::: DATA EXTRACT

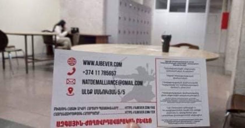 Եւ ահա բուհերի քաղաքականացման դեմ ծրագրի շրջանակներում այսօր մայր բուհն ու նրա գրադարանը զարդարվել էին ԱԺԿ քաղաքական կառույցի թռուցիկներով։
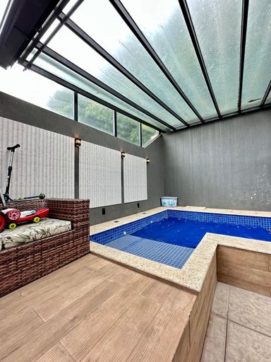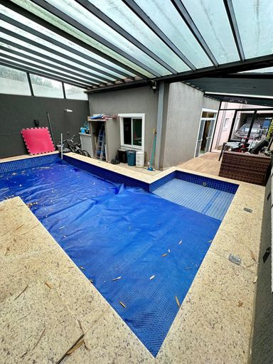 Piscina com aquecimento solar e cobertura retrátil automatizada
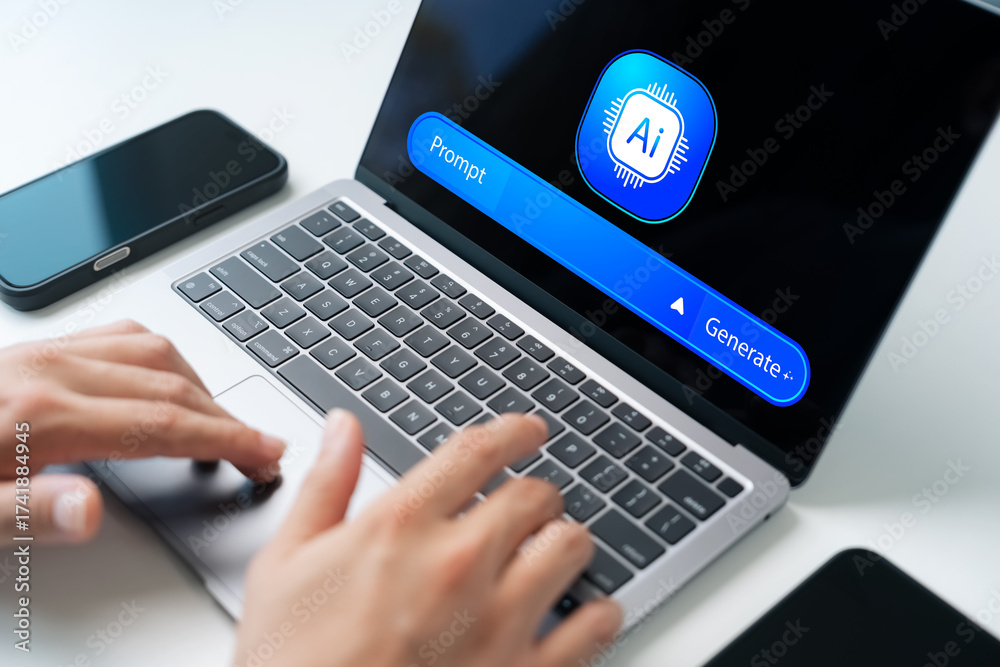 Content creation with AI assistants and agents, users typing prompts on laptops with AI interfaces, working with artificial intelligence in business and education, automation digital transformation.

::::::

__WORK INSTRUCTIONS__: Without reproducing any picture, repeat exactly the lines from the one containing "Piscina com aquecimento" through the last line of the material above, both ends included.

__RESULT__:
 Piscina com aquecimento solar e cobertura retrátil automatizada
 Content creation with AI assistants and agents, users typing prompts on laptops with AI interfaces, working with artificial intelligence in business and education, automation digital transformation.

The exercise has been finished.